A los efectos de estas Condiciones Generales Específicas, se considera accidente a toda lesión corporal producida directa y exclusivamente por causas externas, violentas y fortuitas, ajenas a toda otra causa e independientes de la voluntad del Asegurado quedando exceptuadas las enfermedades e infecciones.
Asimismo, se entenderá por fecha de inicio de la invalidez a la fecha del hecho generador.
Se excluyen expresamente los casos que afectan al Asegurado en forma parcial o temporal.
En las denuncias de invalidez, la Compañía procederá a su reconocimiento de acuerdo con las constancias médicas y demás elementos mencionados en el Artículo 5, siempre que sean razonablemente demostrativos del estado de invalidez total y permanente.
Sin perjuicio de otras causas, la Compañía reconocerá como casos de invalidez total y permanente los siguientes:
a) la pérdida de la vista de ambos ojos de manera total e irrecuperable por tratamiento médico y/o quirúrgico;
b) la amputación o inhabilitación completa de ambas manos o de ambos pies, o de una mano y de un pie, o de una mano y pérdida de la vista de un ojo, o la pérdida de la vista de un ojo y la amputación o inhabilitación completa de un pie;
c) la enajenación mental incurable;
d) la parálisis general.
Artículo 2: Beneficio. Pago del Beneficio.
Una vez recibida la documentación probatoria detallada en el Artículo 5, y luego de comprobada la invalidez del Asegurado, en función de lo estipulado en el Artículo 6, la Compañía acuerda abonar al Asegurado, dentro del plazo de 15 días, el Capital Asegurado por Fallecimiento cuyo importe figura en las Condiciones Particulares. Comprobada la invalidez del Asegurado, se devolverán las primas abonadas por el Asegurado, durante el período transcurrido entre la denuncia del siniestro y la aprobación del mismo por parte de la Compañía.
Artículo 3: Carácter del Beneficio
El beneficio otorgado por las presentes Condiciones Generales Específicas, resulta sustitutivo del beneficio por Fallecimiento otorgado por la Cobertura Básica. En tal sentido, con el pago previsto por esta cobertura se cancelan todos los derechos emergentes de la póliza.
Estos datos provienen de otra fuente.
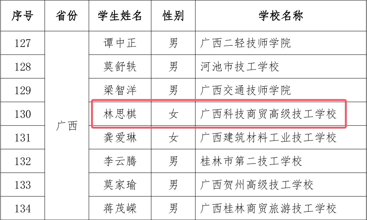 特此报喜!希望全校同学以林思棋为榜样,刻苦钻研技术技能,弘扬精益求精的工匠精神,努力成长为高素质技能人才,为学校争光,为社会贡献力量!

Artículo 4: Riesgos no cubiertos
Adicionalmente a los riesgos no cubiertos previstos en las Condiciones Generales Comunes, quedan expresamente exceptuados del riesgo que asume la Compañía la invalidez producida como consecuencia de:
a) Inhalación de gases o envenenamientos de cualquier naturaleza.
b) Fenómenos sísmicos, huracanes, ciclones, tornados.
c) Intervenciones quirúrgicas que no sean consecuencia de un accidente.
d) Actos notoriamente peligrosos que no estén justificados por ninguna necesidad profesional, salvo en caso de tentativa de salvamento de vidas o bienes.
Artículo 5: Denuncia y Comprobación de la Invalidez
Son cargas del Asegurado o Tomador:
a) Denunciar la existencia de la incapacidad dentro de los 30 días de tomar conocimiento, salvo caso fortuito, de fuerza mayor o imposibilidad de hecho sin culpa o negligencia.
b) Presentar todas las constancias médicas y/o testimoniales de su comienzo y causas, sin perjuicio del derecho de la Compañía de obtener tales constancias por sus propios medios.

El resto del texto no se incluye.